Two young adult immigrants to New York City offer poignant illustrations.

Amzatou emigrated from the Ivory Coast in 2006, when she was 16 years old. On arriving in the United States, she spoke French and several African languages but could not read or write in any of them. Her educational experiences since then are described in a report from the organization Advocates for Children of New York on immigrant students with low or no native-language literacy.

Of the 12 students profiled in the report, Amzatou stands out as the most motivated to learn. She has taken advantage of after-school tutoring, Saturday instruction, and mentoring from an organization of African immigrant women. As a result of her hard work, she is no longer illiterate; her reading and writing skills are described as being “on at least a 2nd grade level.”

Now age 20, Amzatou is still in high school, but soon will “age out” and have to leave. She is taking classes to prepare for the state Regents exams that New York students must take to graduate from high school, even though she cannot comprehend the assigned reading material. Meanwhile, her father no longer wants to support her financially and has pressured her to make an arranged marriage. According to the report, Amzatou is consumed with worry about her future.

Unlike Amzatou, Wilton, an immigrant from the Dominican Republic, arrived in New York with native-language literacy skills at grade level. But he knew almost no English when he enrolled in a Bronx high school in November 2006 at the age of 18. After assessing Wilton’s transcript, the school granted him 12th grade status. Yet a guidance counselor told him that if he wanted to graduate at the end of the school year, he would have to take 14 classes a day, some during the regular school day and some in a special evening program for older students.
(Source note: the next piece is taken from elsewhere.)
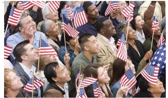
America's new immigrants are majority non-white.

The main reason for the growth of this nationalism, both here and in Europe is the unfettered invasion of nonwhites into our homeland

So Wilton plunged into a school day that began at 8:20 a.m. and ended at 7:30 p.m. Most of the courses were taught in Spanish, but he also received two 40-minute classes of English as a second language. His program did not include math. Shortly after he enrolled, his high school gave him a Spanish version of the first-level math Regents exam; he passed this test of elementary algebra, and therefore met the minimum requirement for graduation. Since he needed to take many other subjects that were required for graduation, school administrators decided a math class was unnecessary for him.

After eight months in his New York high school, Wilton graduated. By this point, he could manage basic conversation and reading in English. But he couldn’t read a college textbook or write a coherent essay in his second language. He also knew no English math vocabulary.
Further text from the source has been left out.